Konva – focus border around a group

How can we make a focus border around the shapes in a group whilst the group and shape are draggable ?

Why not use a transformer?

The transformer gives a border around the group, and it has a padding option. However, the border is removed as soon as the transformer is switched off. The Konva.Group does not have a built-in border option, so if you need to have a focus rect around a group when not transforming, then there’s no easy option. I would always try a transformer first and only revert to the approach in this article as a last resort. Though this solution here is not overly complex, if you can get away with a transformer then life will be much more simple for you!

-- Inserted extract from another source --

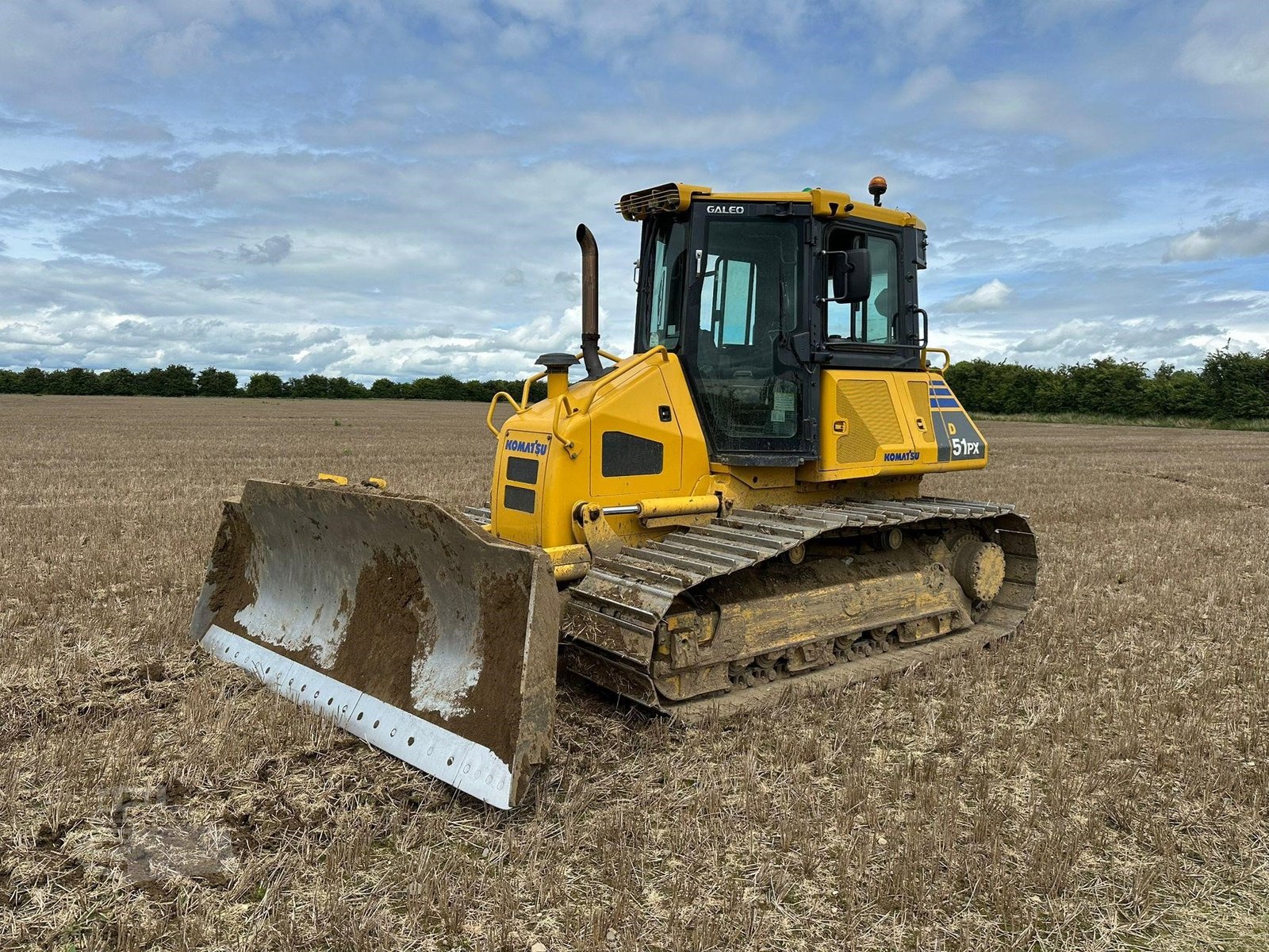 Avec un poids d’environ 13 tonnes, le Komatsu D51PX-22 assure une excellente stabilité et une bonne capacité de traction sur différents types de terrains. Il est équipé d’une lame PAT à 6 voies, permettant un contrôle précis des opérations de nivellement et une grande flexibilité dans les travaux. Cette configuration facilite les ajustements rapides et améliore la productivité sur chantier.

But, if you really need it, read on…

The requirement

  • We want a padded border around a group
  • The shapes in the group must be individually draggable
  • If a shape is dragged outside the border then the border should expand
  • The group must be draggable

Unpicking those a little:

We want a padded border around a group

The group should be surrounded by a border rectangle with a pleasing anount of padding. Thinking about a transformer, the border stroke should remain unscaled if the group is scaled, but the border rectangle must stretch and rotate with the group.

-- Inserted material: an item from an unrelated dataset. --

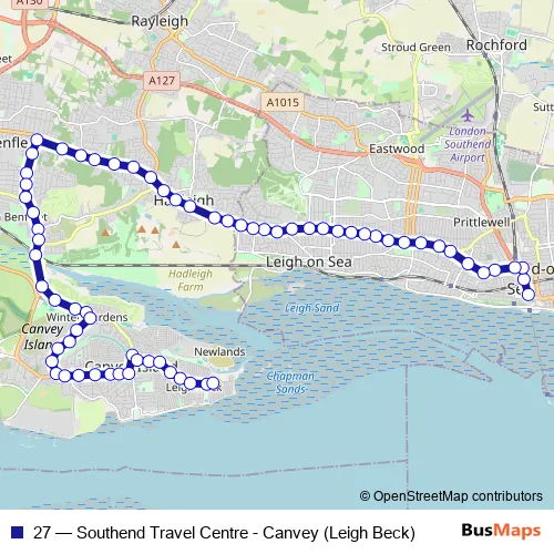 The first stop of the 27 bus route is Travel Centre and the last stop is Leigh Beck. 27 (Southend Travel Centre - Canvey (Leigh Beck)) is operational during everyday.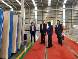 甘肃梅隆石材集团有限公司是一家专业从事空间设计、施工、石材精细化加工、销售及国际进出口贸易的大型多元一体化公司。赵小庚主任实地参观了生产车间、产品展厅、党建室等场所,详细询问了解了企业产品生产流程、市场前景以及公司党建工作等情况。

The shapes in the group must be individually draggable

As stated, the user must be able to reposition the shapes in the group by click-dragging them around the stage.

If a shape is dragged outside the border then the border should expand

The border rectangle should grow & shrink so that it always contains the shapes in the group. If the user drags a shape ‘outside’ the border rectangle, then the border rectangle should extend so that the shape is always contained within the border. In this use-case the dragging shape must not be contrained by the border, but if you needed to trap the shape inside a specified rectangle then you would use a dragBoundFunc or override the new position in the dragmove listener.

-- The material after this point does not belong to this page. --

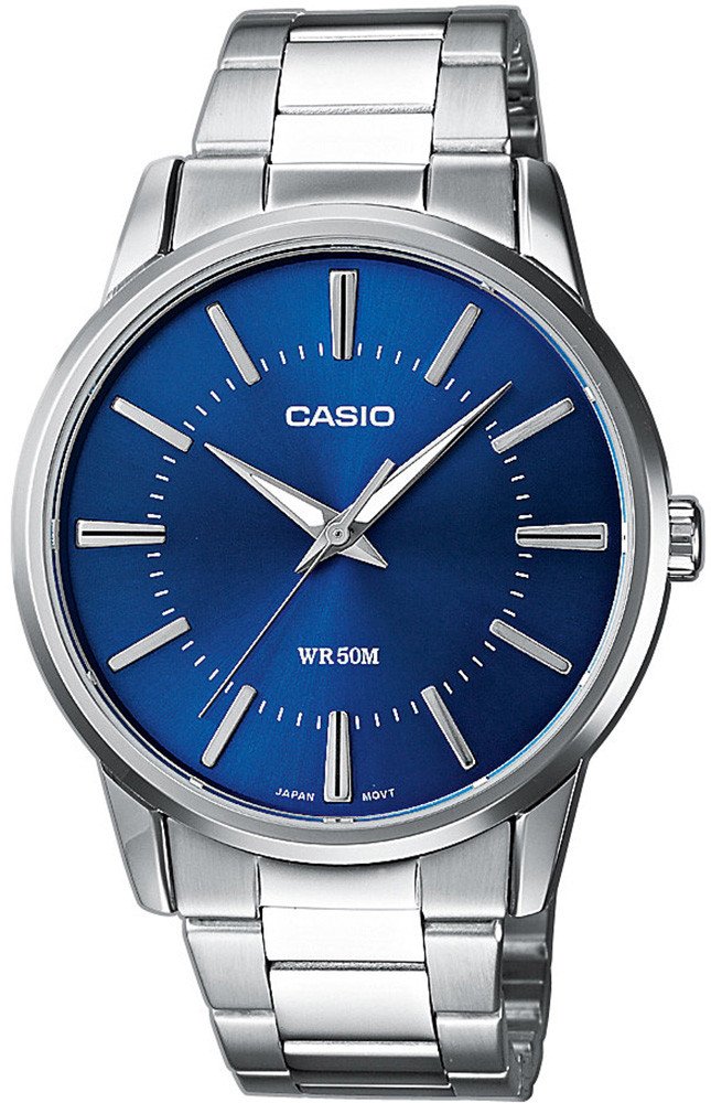 Casio analogové ocel elegantní pánské bateriové - quartz pro běžné použití (30–50 m) 40 mm ocel 50 m bateriové 109 g minerální 21 cm bez osazení Collection kulaté stříbrná modrá s luminiscencí skládací spona 1.8 cm na ruku bez číslic stříbrná ocel pevná ocel 8.1 mm bez chytrých funkcí

The group must be draggable

Normally the click-drag function can only be used on a group if the user places the pointer over a visible shape. The requirement is to make the group draggable even when the user places the pointer on empty space within the group. To achieve this we will place a transparent rect at the ‘bottom’ of the group. The trick is that as a member of the group, this shape will influence the group rectangle size around which we must draw the border – therefore we must ensure that we resize this rect to fit the bounding box of the other shapes in the group.

So what’s so hard?

Glad you asked me that! We could, of course, just stick an extra rect into the group. We could do some math to calculate where to place it taking into account the desired padding. However, the presence of that rect would influence the sizing of the group itself, meaning it would affect the group’s getClientRect() method. That interferes with some of the math we need to do to set the size and position of the border rect. Ideally we would want the border rect to be as unobtrusive as possible. Therefore, the border rect has to live outside of the group, but positioned underneath the group and sized to match its dimensions. The border rect has to be draggable, and has to respond to any transformer or dragging of group shapes.

What did you try?

I tried a solution with the border rect as a member of the group but that got too messy. My final solution has the border rect function wrapped up in a class and it meets the requirements without being over-complex or having any unintended consequences.

Any special points to note?

  • The code includes a neat way to have fill opacity without affecting the stroke. It’s applicable to any Konva.Rect and such a useful technique to know that I put it in its own blog post here.
  • Because the group might be rotated, we have to calculate the corner position of the border rect with padding and rotation. We could solve that with math, but I used the handy Konva.Shape.getAbsoluteTransform().point(pt); feature. With this you give it a point without rotation and it spits back the point that this maps to based on the rotation of the shape in question. It saves a ton of work – I wrote about the technique in detail with a demo here.
  • Getting the group’s un-rotated & un-scaled bounding box was interesting. The Group.getClientRect() method accepts a configuration parameter which can have {skipTransform: true}, which gives the bounding rectangle without any transformations. From that we can work out the size and position of the border rect.
  • Part of the solution involves manipulating the stacking order of the shapes on the stage – in other words the zIndex. Setting zIndex() works like this: if you set shape2’s zIndex to the value of shape1’s zIndex, then shape2 will be positioned immediately ‘below’ shape1, and shape1 and all other shapes hight than it in the z-plane will have their zIndex increased by +1. No two shapes can share the same zIndex. Them’s the rules. I mention this because I got over-complex trying to work out how to get the border rect at group.zIndex() – 1. The I realised the -1 waunnecessaryry and life got easy.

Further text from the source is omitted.